As one might expect, the entire memoir is incredibly reflective. Lyndsey writes: ‘And I think back to the life I had before, a live of very ordinary components, with the usual balance of frustration and contentment, the standard complement of light and shade. And I remember the beginnings of the darkness and where it planted its first roots, smack into the centre of that life.’ Other relationships break down, and she comments occasionally on the scepticism which others have upon learning of her condition.

Over time, she gets to know others with chronic illnesses, and different variations of light sensitivity: ‘Like me,’ she writes, ‘they had a life before that has been lost; now they wander in the twilight zone where doctors diagnose but cannot cure, and the faint miasma of societal suspicion, never attached to those with cancer, or with heart disease, hangs about them, that somehow it must all be psychosomatic, or that at a deep level they actually want to be ill.’

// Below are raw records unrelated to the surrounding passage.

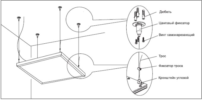 - Конструктив светильника предусматривает встраиваемый, подвесной и накладной способы монтажа (комплекты крепежей приобретаются отдельно).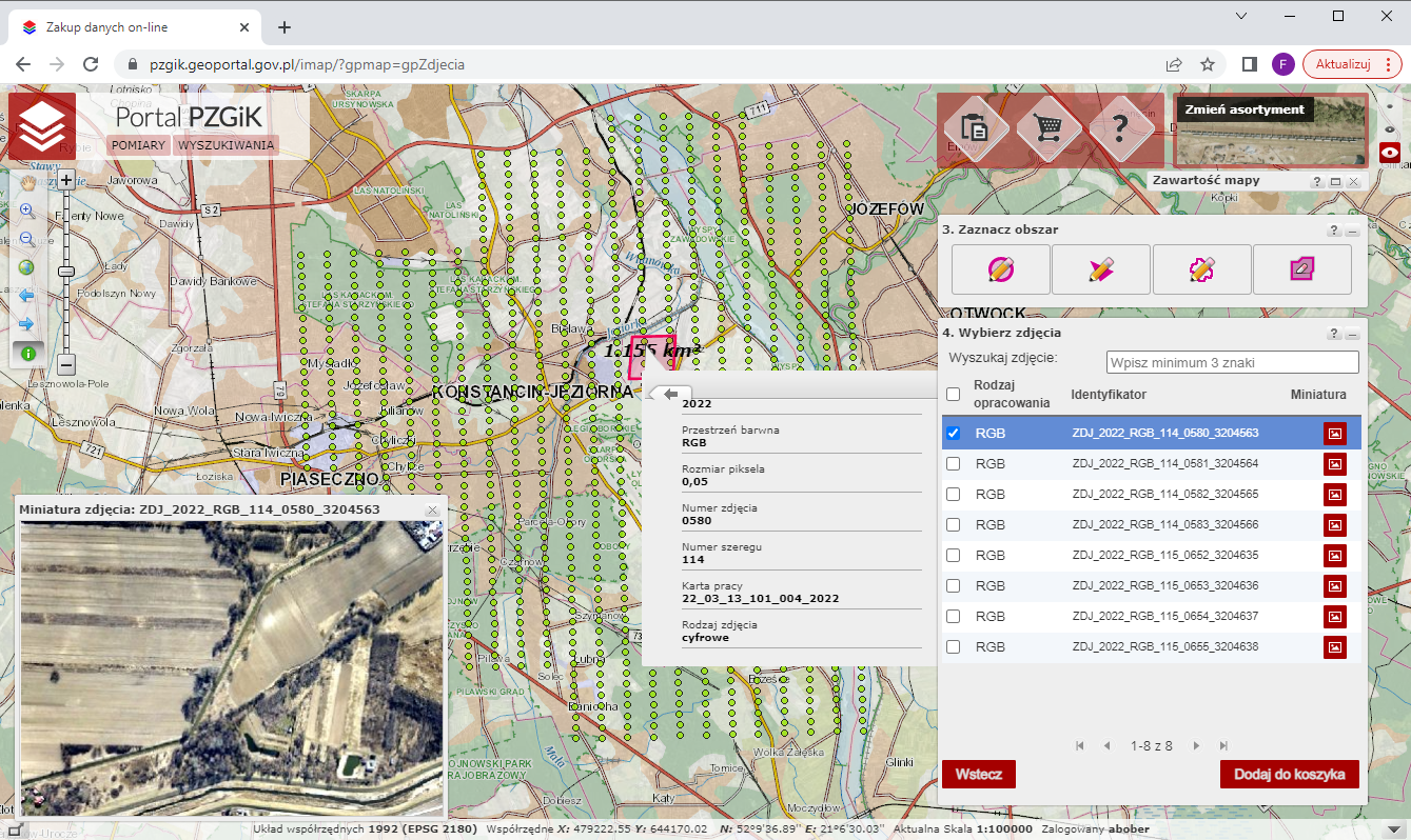 Do Państwowego Zasobu Geodezyjnego i Kartograficznego przyjęliśmy nowe zdjęcia lotnicze dla m. Konstancin-Jeziorna (1057 sztuk) wykonane w 2022 roku, o terenowym rozmiarze piksela 0.05 m. Prace zostały zrealizowane na zlecenie Urzędu Gminy Konstancin-Jeziorna.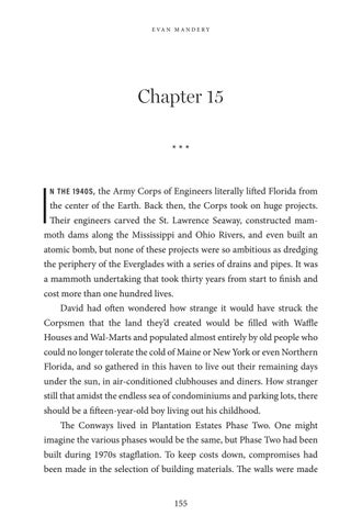 moth dams along the Mississippi and Ohio Rivers, and even built an atomic bomb, but none of these projects were so ambitious as dredging the periphery of the Everglades with a series of drains and pipes. It was a mammoth undertaking that took thirty years from start to finish and cost more than one hundred lives. David had often wondered how strange it would have struck the Corpsmen that the land they’d created would be filled with Waffle Houses and Wal-Marts and populated almost entirely by old people who could no longer tolerate the cold of Maine or New York or even Northern Florida, and so gathered in this haven to live out their remaining days under the sun, in air-conditioned clubhouses and diners. How stranger still that amidst the endless sea of condominiums and parking lots, there should be a fifteen-year-old boy living out his childhood. The Conways lived in Plantation Estates Phase Two. One might imagine the various phases would be the same, but Phase Two had been built during 1970s stagflation. To keep costs down, compromises had been made in the selection of building materials. The walls were made 155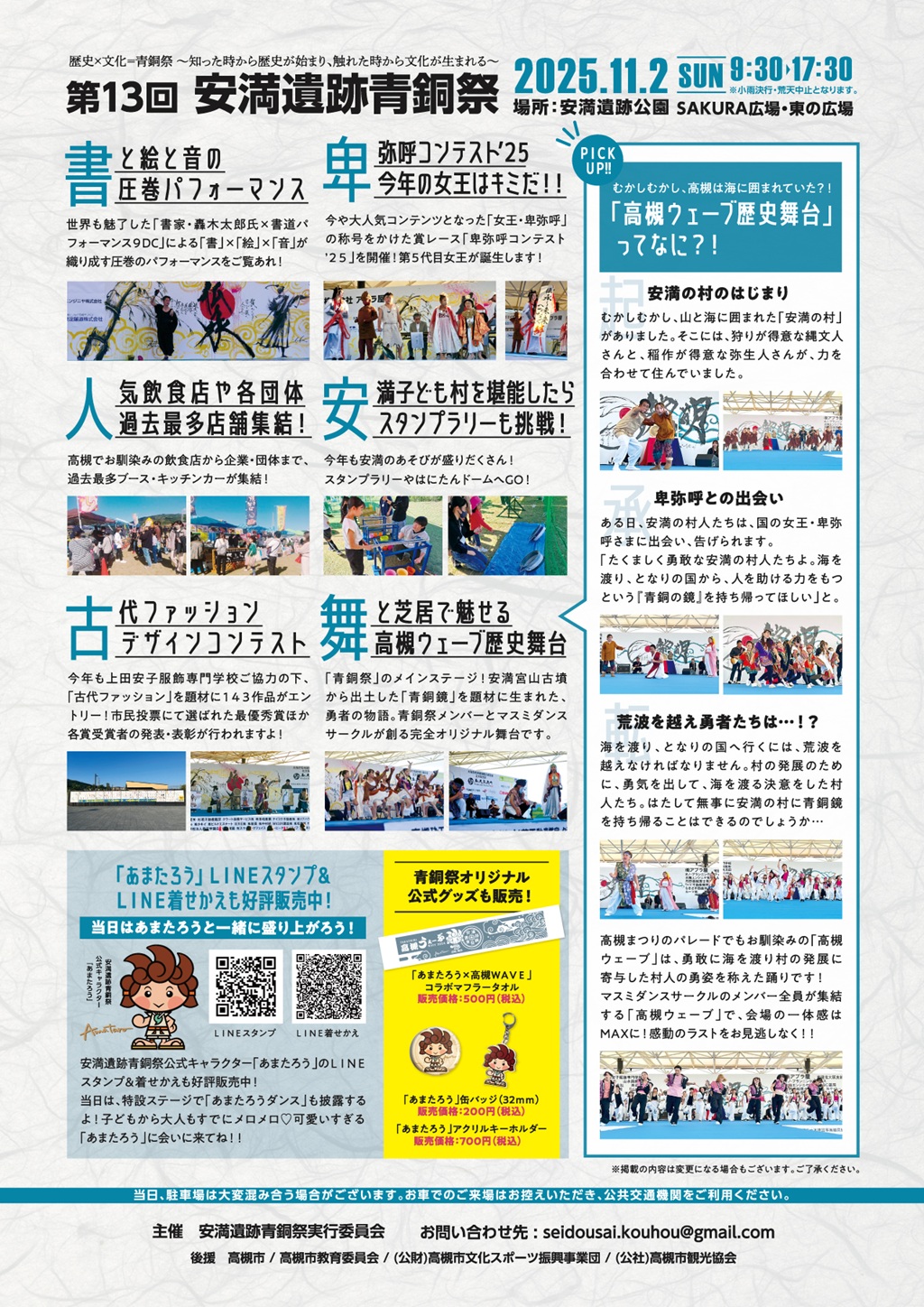 お問い合わせ:安満遺跡青銅祭実行委員会(seidousai.kouhou@gmail.com)

In Girl in the Dark, Lyndsey provides a fascinating and candid insight into her illness. Her prose is careful and measured, and there is a real lyricism to it. Whilst I cannot say that this was an entirely comfortable read, which really brought to my attention things that I perhaps take for granted, and which Lyndsey has lost, I feel that Girl in the Dark is an incredibly important memoir, and one which deserves to be read more widely.

One thought on “Non-Fiction November: ‘Girl in the Dark’ by Anna Lyndsey ****

  1. I find her position almost impossible to imagine, let alone contemplate having to live with. This feels like a work I should get more acquainted with, if only to remind myself not to take what I already have for granted. Thanks for reviewing what is clearly an unsettling read.